By afternoon you’re playing the Burnout role. There are two versions of this. The one described is really a “pre-burnout” role. YOu can’t try to be everything to everybody for but so long. But it is true — if you walk out the door, heaven only knows what will walk in. You know who else is in your department already! They aren’t even in the descriptions here — the Parasite and the Coddler. The one who really is putting in an appearance and doing what it takes to collect the paycheck and thinks this is a pretty good joke on society (but has some trouble looking in the mirror) and the one who thinks it’s a real mission to just watch over these poor kids, and those silly parents who actually want to push, push them are just pathetic folks in denial, and of course the Temp — who needs a job, any job, and this was open and even though s/he doesn’t have training, s/he’ll fake it because they need a warm body here.
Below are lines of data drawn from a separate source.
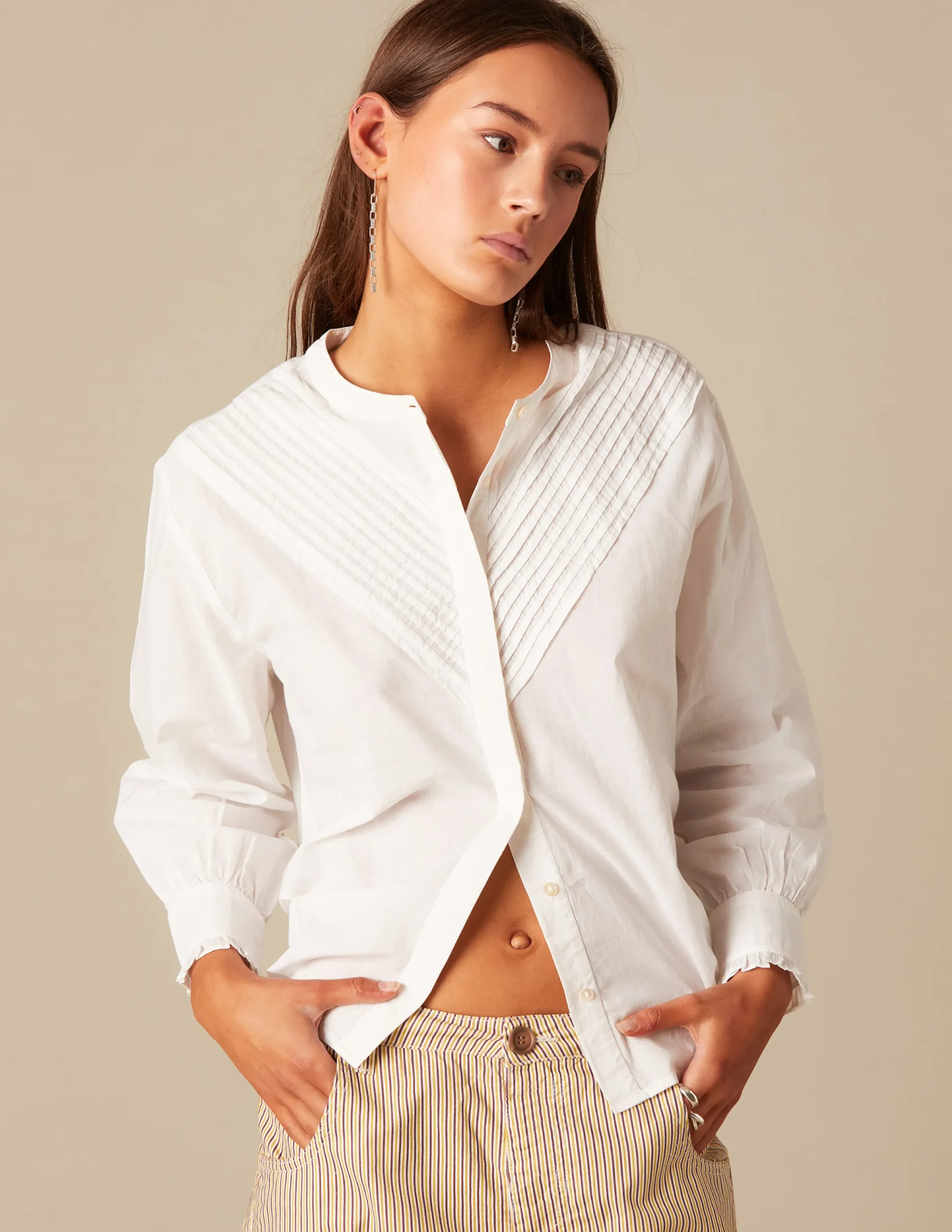Nicoli Shirts & Blouses<WHITE PIN-TUCK SHIRT Azules oscuros
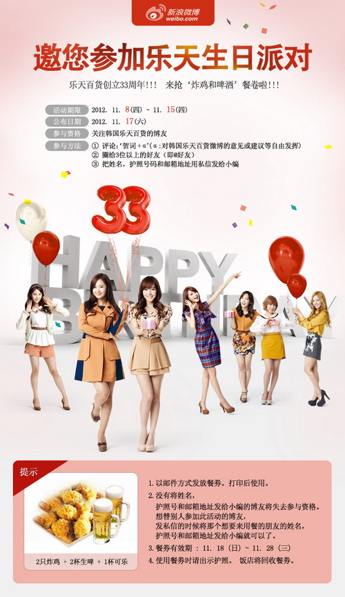 人民網11月8日電 樂天百貨為了慶祝成立33周年,在微博上舉行“邀您參加樂天生日派對”活動,與網友進行互動?;顒佑?1月8日開始舉行,持續到11月15日,[詳情]
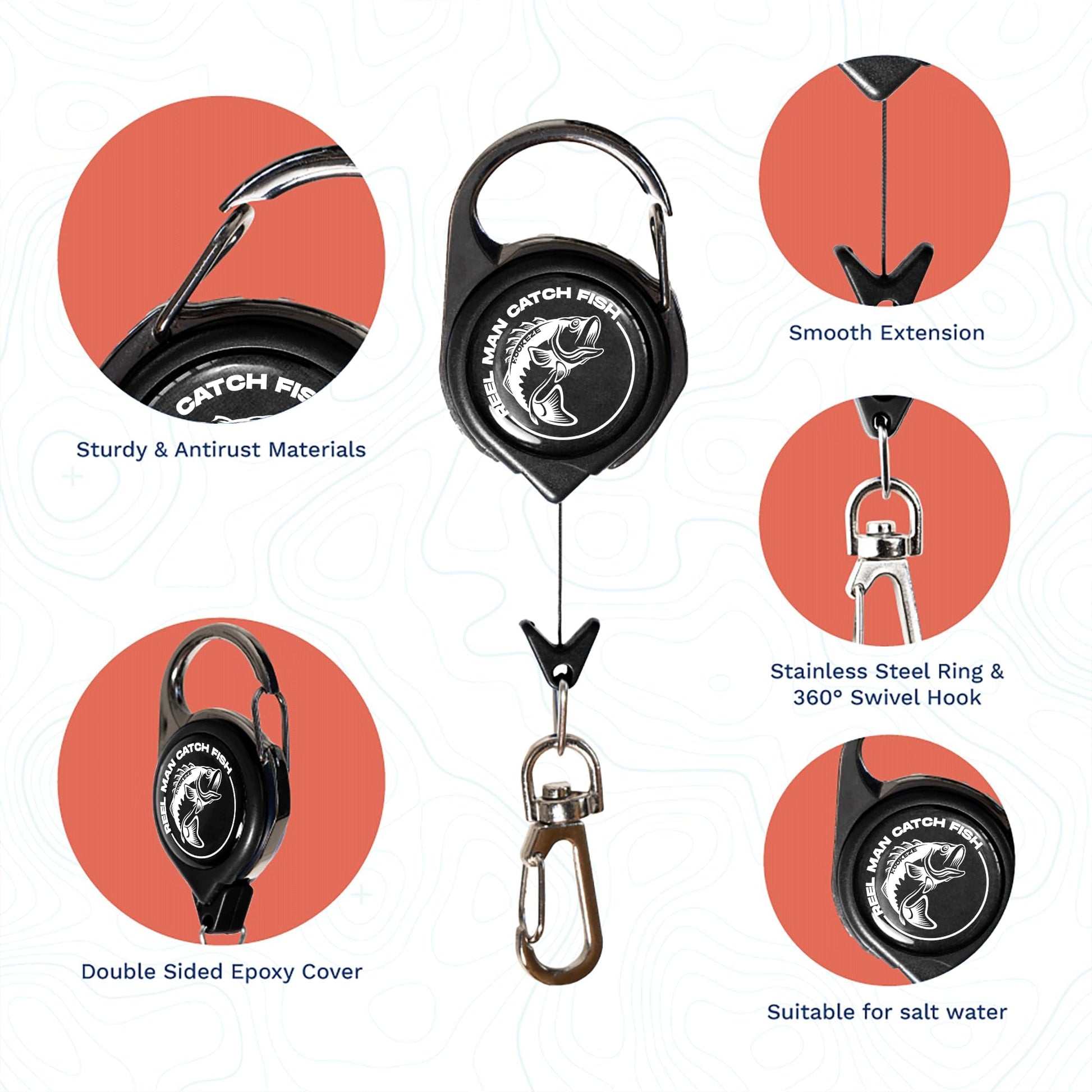 - Suitable for Saltwater: The retractable lanyard features a built-in stainless steel clip and can be used in both saltwater and freshwater. It also features an anti-rust and corrosion-resistant coating and is suitable for use in all weather conditions
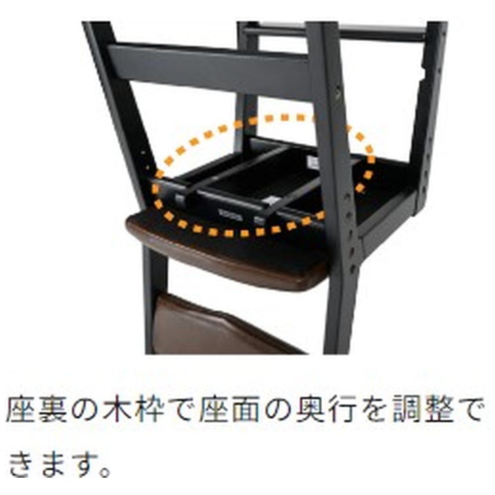 座裏の木枠で座面奥行を前後に3cm調整できます。
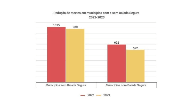 A análise da acidentalidade com morte trouxe indícios do resultado positivo da Balada Segura para a redução dos óbitos. Se comparada a variação das mortes nos municípios que desenvolvem o programa com os que não fizeram o convênio, a redução da mortalidade foi bem maior para os primeiros. Nas 40 cidades com Balada Segura, a redução foi de 14,5% em relação a 2022, enquanto nas demais a queda foi de 3,4%.
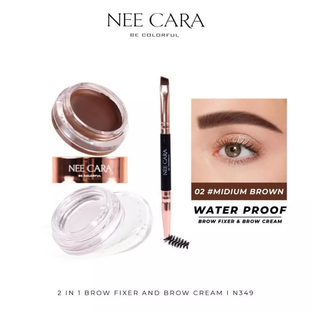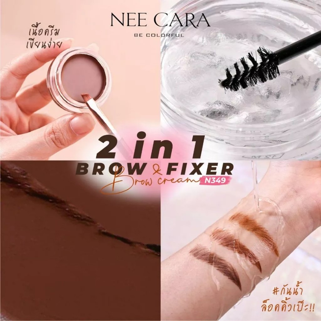 นีคาร่า ทูอินวัน บราว ฟิกเซอร์ แอนด์ บราว ครีม เขียนคิ้ว Nee cara 2in1 brow fixer & brow cream N349
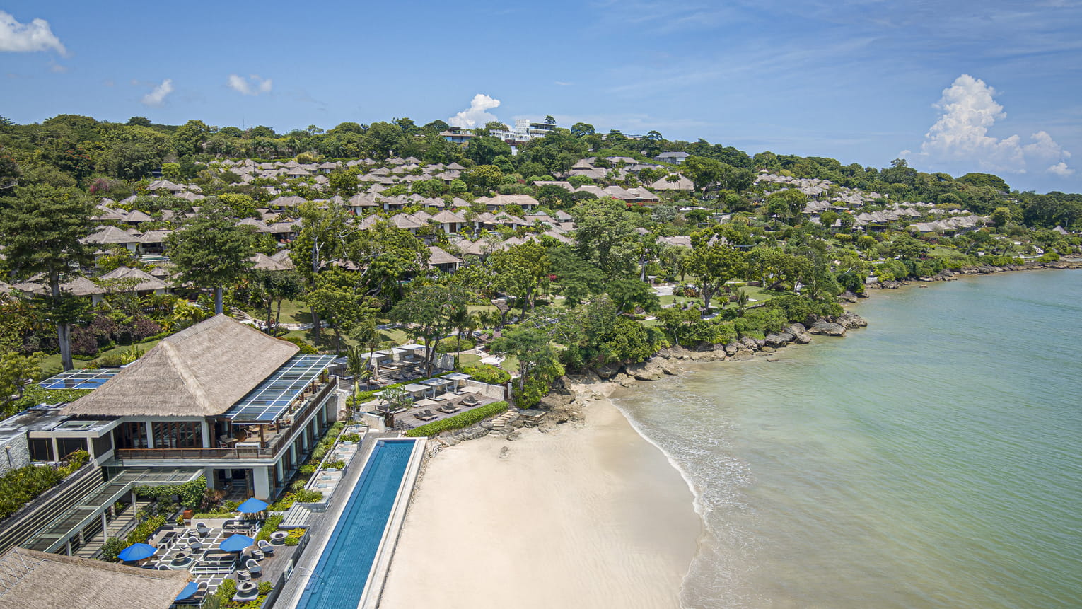 ジンバラン湾を見おろすなだらかな丘に佇むフォーシーズンズ リゾート アット ジンバラン ベイは、全室ヴィラタイプのラグジュアリーリゾートです。156棟のヴィラ&レジデンスは、広大な敷地に集落を形成するように点在し、まるでバリの伝統的な村に滞在しているかのような趣を醸し出します。フォーシーズンズならではのエレガントな客室には、プライベートプールとオープンエアのリビング&ダイニングが備わり、優雅な滞在を演出。バリ様式の寝室やクラシカルな陶製バスタブは、ハネムーナーや女性ゲストの憧れを叶えます。メインプール、テニスコート、フィットネスセンター、スパに加え、レストランやアートギャラリー、ライブラリーなども充実。ファミリーやグループには、別エリアにある2~4ベッドルームのレジデンスヴィラがおすすめで、自由で贅沢な滞在を満喫できます。

But you manage, until that last class. Then you’ve become the other Burnout. You can’t quit — by now you’ve made enough mistakes that you don’t trust anybody to give you any kind of recommendation (though you’re probably wrong — they’ll do it to move you down the line!). You have to figure out just how to legally cover your backside… make those IEPs look like the real thing…
At 4:45 you toss a bunch of stuff into your bag (what you’ll be doing from 8 to 10 that night) and head home.
Tomorrow is another day~!
THANK YOU LJ…THIS WAS WONDERFUL! Now I know why we had such a terrible year last year…my son’s teacher was a clairvoyant, as she ‘knew’ him totally after 7 days in her class! Lucky for both of us, all signs tell my gut that we have a professional this year!
Could I reprint your post on another forum (www.dyslexiatalk.com)??? I would LOVE to put this in our “Parent Support — No Limits Sharing & Discussion” thread.
Thanks again, and may you have only “professionals” in your child’s future (unrealistic, but I like to wish BIG!)